Wertschätzung erfahren
Gerade weil die Innendienstteams so viel zum gemeinsamen Erfolg und zur Kundenzufriedenheit beitragen können, sollten sie auch am Provisions- und Bonussystem des Funkhauses/Senders teilhaben. Alle in der Vertriebsabteilung arbeiten an den gemeinsamen (Umsatz-)zielen und alle profitieren davon. Der Ausgestaltung sind hier keine Grenzen gesetzt. Ein gutes System macht die Wertigkeit jedes einzelnen Teammitglieds für das gemeinsame Ganze deutlich.

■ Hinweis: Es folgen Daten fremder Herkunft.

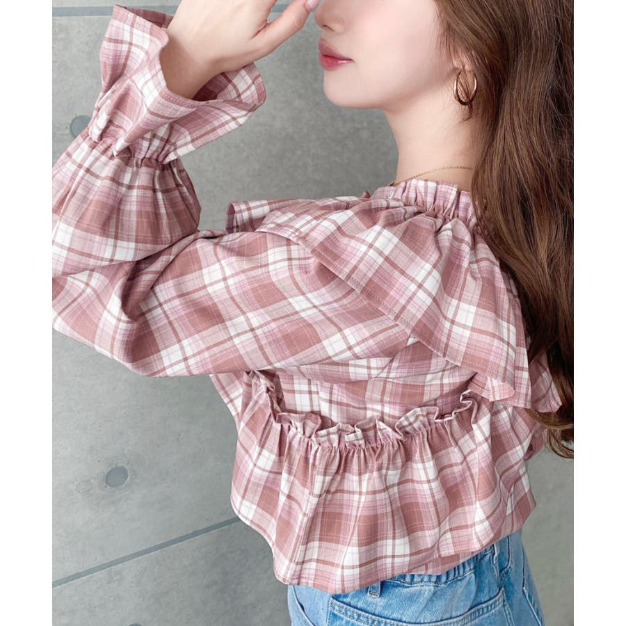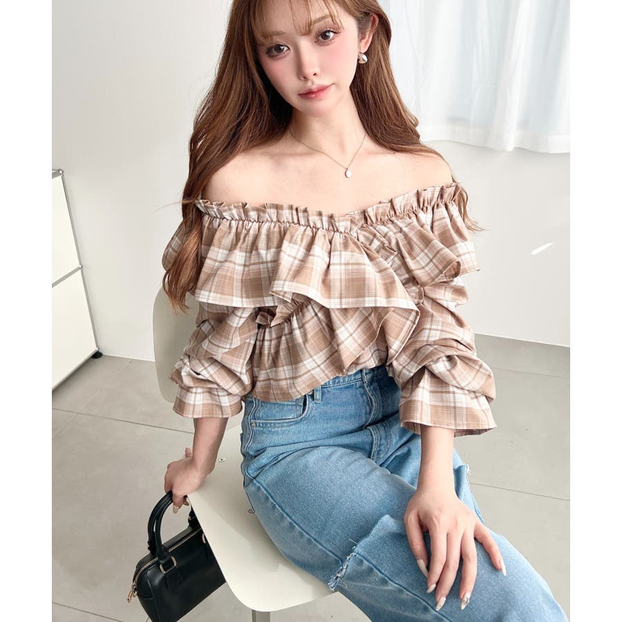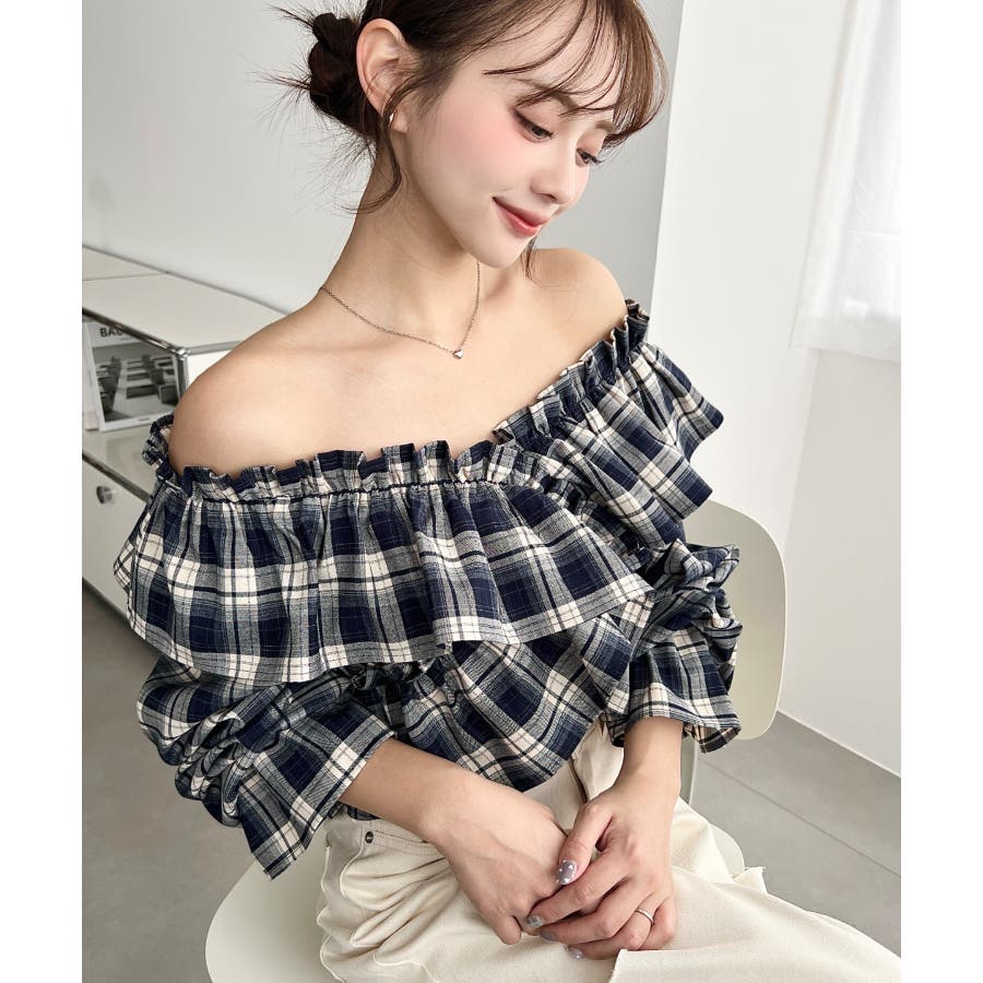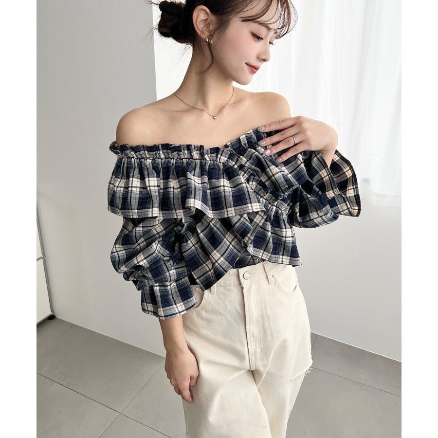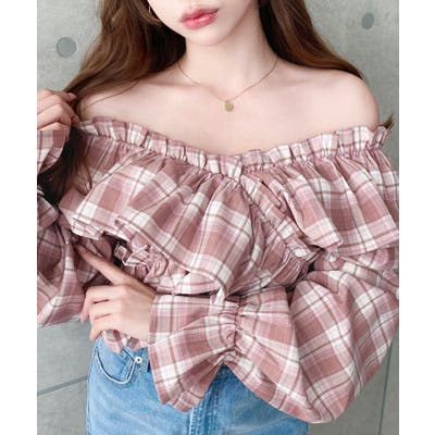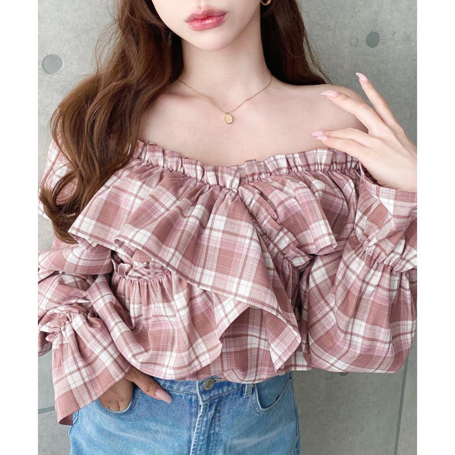 マルチウェイオフショルフリルリボンショート丈長袖チェックブラウス

Wer sein Vertriebsteam so aufstellt bzw. umbaut, ist auch für die Herausforderungen durch den Fachkräftemangel besser gerüstet. Meiner Erfahrung nach gibt es bei den Radiosendern im Außendienst eine höhere Personalfluktuation als im Innendienst. Ein selbständiger, aktiv und produktiv in den Vertrieb eingebundener Innendienst kann dieses Defizit zumindest ein Stück weit abfedern. Und Mitarbeitende im Außendienst fühlen sich gut aufgehoben und unterstützt, wenn sie ein tolles Innendienstteam neben sich wissen, das am „gleichen Umsatzstrang“ zieht.